Written by Aaron Choi, Class of 2020
At its peak, Blockbuster was the leading brand in providing movie content to consumers outside of a movie theater. All consumers had to do was go to the store and walk out with a movie rental. In this day and age when convenience has become a top priority, consumers find it too tall an order to go to a store and rent a DVD. Thus has emerged the idea of delivering content through the internet, so that consumers can receive it without any effort on their part. At a flat fee per month, consumers are able to watch TV shows, movies, and everything in between. Netflix, which pioneered the idea of streaming content, has become one of the biggest household names in the streaming industry.
Netflix claimed an idea that created and revolutionized the streaming services industry. It was so influential that Amazon introduced Amazon Prime video in order to compete with Netflix. Not only did Amazon launch its Prime video feature, but it also bought Twitch.tv, an online-gaming streaming website, at nearly $1 billion in cash. Today we see that a significant number of American consumers obtain their content through streaming. With competition from Hulu, Amazon Fire TV and other streaming services, the cable box has become a relic of the past.
Netflix and Hulu currently have nearly 100 million subscribers. Their annual revenues have increased by 50% over the last two years. The streaming service industry has expanded, owing to the convenience of its program. Content is playable on iPads, iPhones, and laptops. One of the most appealing characteristics of streaming services is the reduction in advertising. When users watch Netflix as opposed to cable and other platforms, they save on average 160 hours per year. Another selling point of streaming service is the ever-expanding premium content to which subscribers have access. Unlike most other companies, Netflix is able to deliver ad-free content and popular programs to its users for a small monthly fee.
Streaming services can extend beyond broadcasting the everyday TV-show or the newest Tom Hanks movie. For example, Twitch.tv, owned by Amazon, holds a substantial share in the e-sports streaming industry. In 2015, it held a 43% market share of the gaming content industry, equivalent to $1.6 billion in revenue.

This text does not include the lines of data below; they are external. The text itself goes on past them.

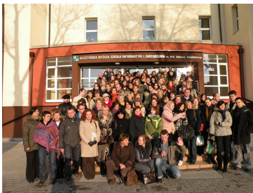
Olsztyn 13.03.2009; uczestnicy szkoleń, trenerzy i superwizorzy podczas pamiątkowego zdjęcia

Patronem medialnym VIII edycji Szkoły Trenerów STOP był portal ngo.pl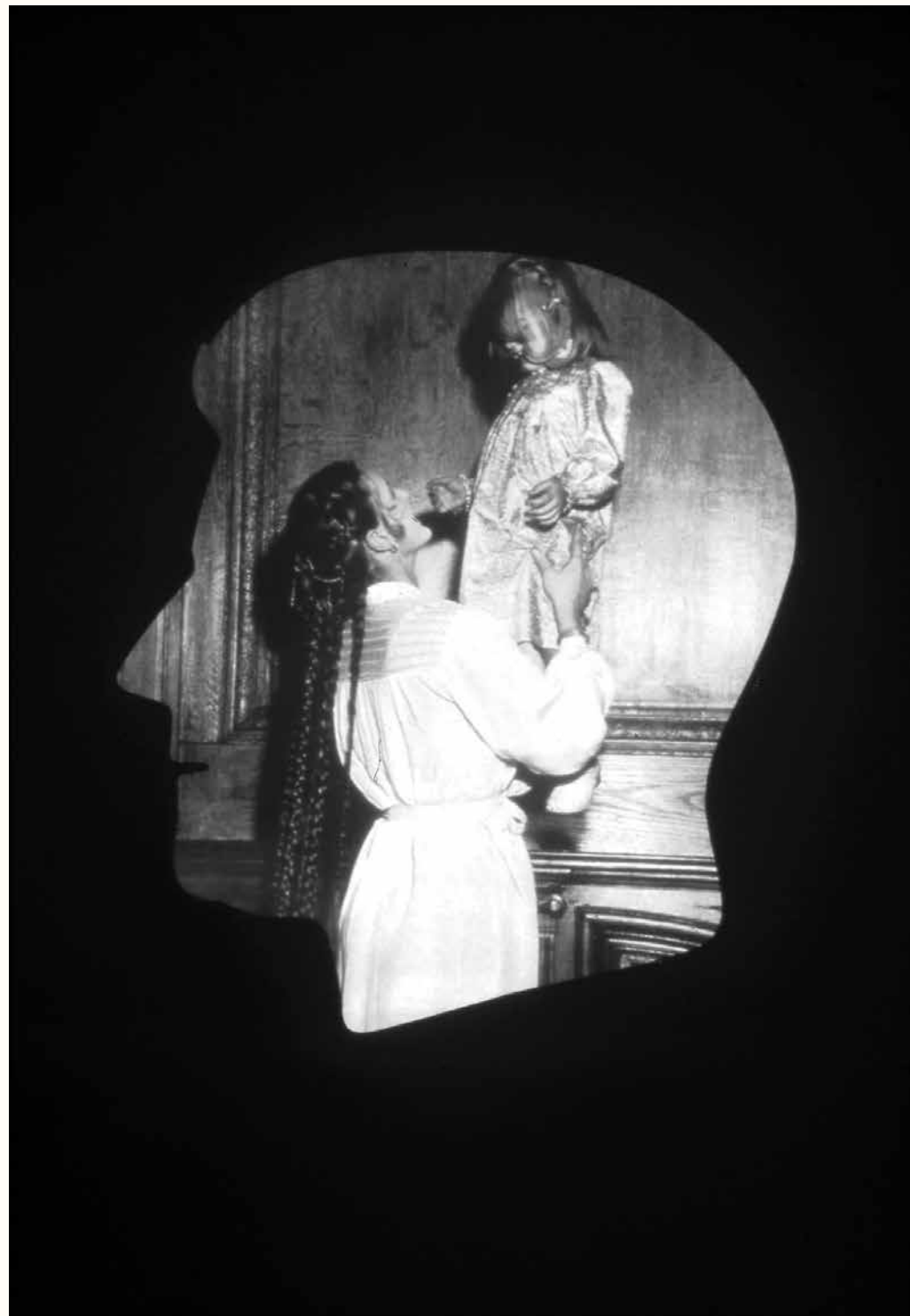
Sherrie Levine, Untitled (Presidential Profile) , 1979 (œuvre originale en couleur)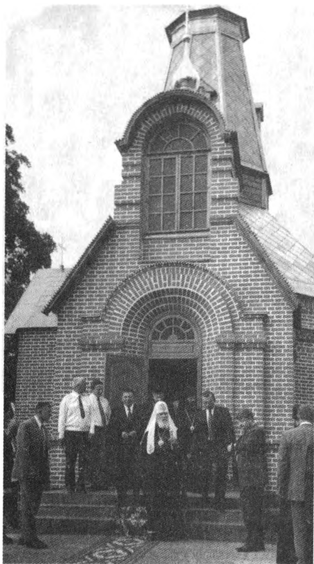
Посещение Татианинского храма

шой вклад в духовно-нравственное возрождение Рязанского края.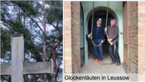
Glockenläuten in Leussow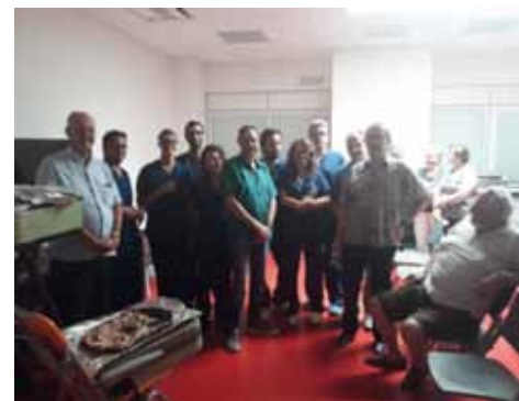
Associati e personale sanitario.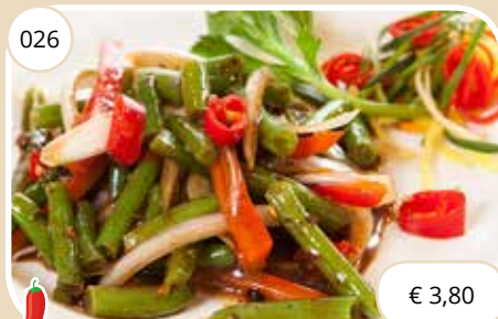
Boontjes op Taiwanese wijze Taiwan style beans (GV, V, LV)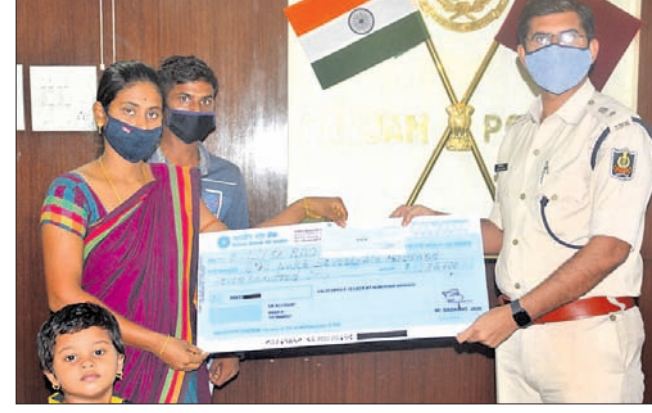
ଏସ୍ପି ତେଜ ପ୍ରଦାନ କରୁଛନ୍ତି।

In a survey of Stern students, it was found that 73% of respondents subscribed to Netflix, either its streaming, DVD service, or both. Of these students, around 40% reported watching less than 2 hours a week, 40% reported watching between 2-6 hours a week, and 20% reported watching over 6 hours a week. An overwhelming 80% of sampled students reported binge-watching a show. Binge-watching is an activity in which consumers continuously watch episodes over an extended period of time, typically spanning over six hours. Of those who binge-watched a series, most stuck to either the Emmy Award Winning series The Office and/or the Emmy Award Winning Netflix original series, Orange is the New Black. Among students who subscribed to Netflix, 41% reported subscribing to Amazon Prime video. A subscription to Amazon Prime allows users to download or stream video through Amazon Prime Video. Twitch.tv was largely unpopular, with only 10% of survey respondents reporting watching its content.
Netflix’s subscriber base continues to rise, but faces threats from other streaming services. Needless to say, streaming services bring premium content to the average consumer and can expect to grow into the future.